◆ **PROBLEM TO WORK ON**
As you print the data below, keep every line exactly as it is and leave the images behind.

◆ **RECORDED DATA**

════════════════

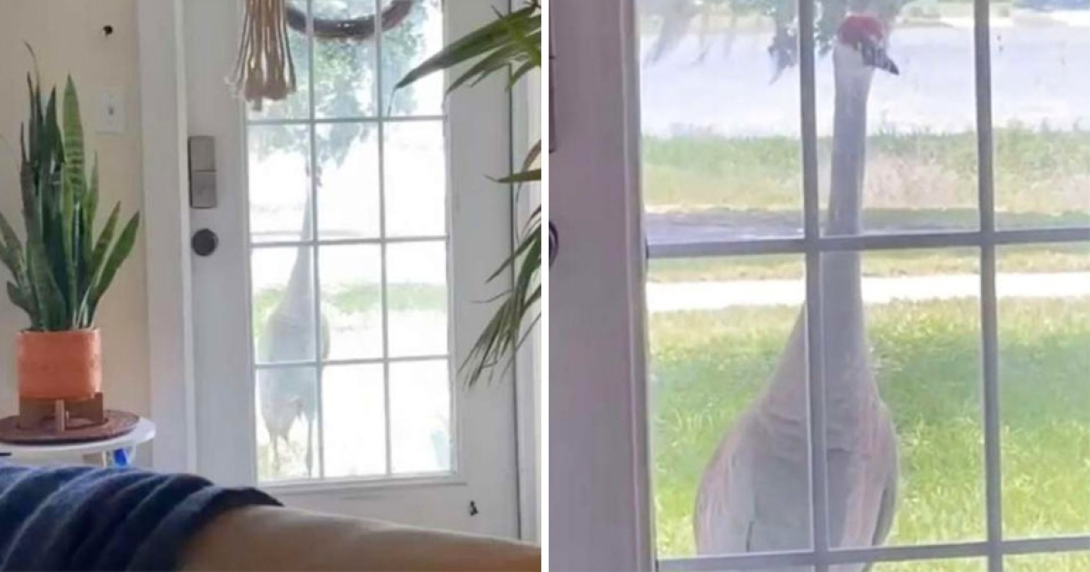 懂人性的鶴!每天固定來拜訪成好友 還會「禮貌敲門」:到吃飯飯時間嘍~
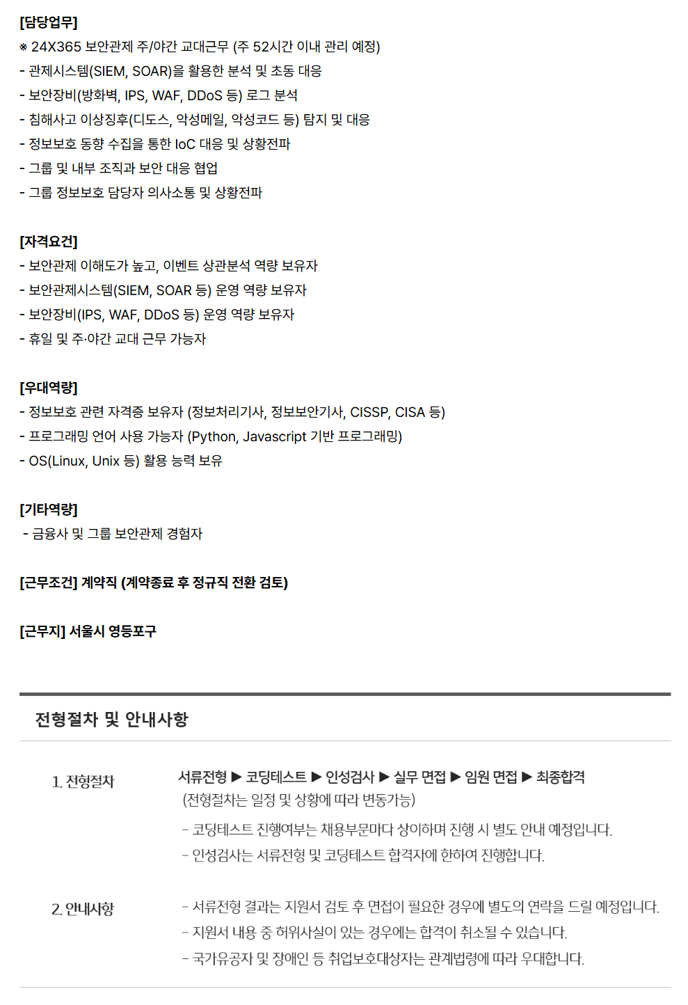 - º¸¾È°üÁ¦½Ã½ºÅÛ(SIEM, SOAR µî) ¿î¿µ ¿ª·® º¸À¯ÀÚ
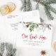Annoncez votre nouvelle maison de vacances à votre famille et à vos amis avec ce design moderne de script de vacances et de feuillage de Noël.

════════════════

◆ **SOLUTION TO THIS TASK**
 懂人性的鶴!每天固定來拜訪成好友 還會「禮貌敲門」:到吃飯飯時間嘍~
 - º¸¾È°üÁ¦½Ã½ºÅÛ(SIEM, SOAR µî) ¿î¿µ ¿ª·® º¸À¯ÀÚ
Annoncez votre nouvelle maison de vacances à votre famille et à vos amis avec ce design moderne de script de vacances et de feuillage de Noël.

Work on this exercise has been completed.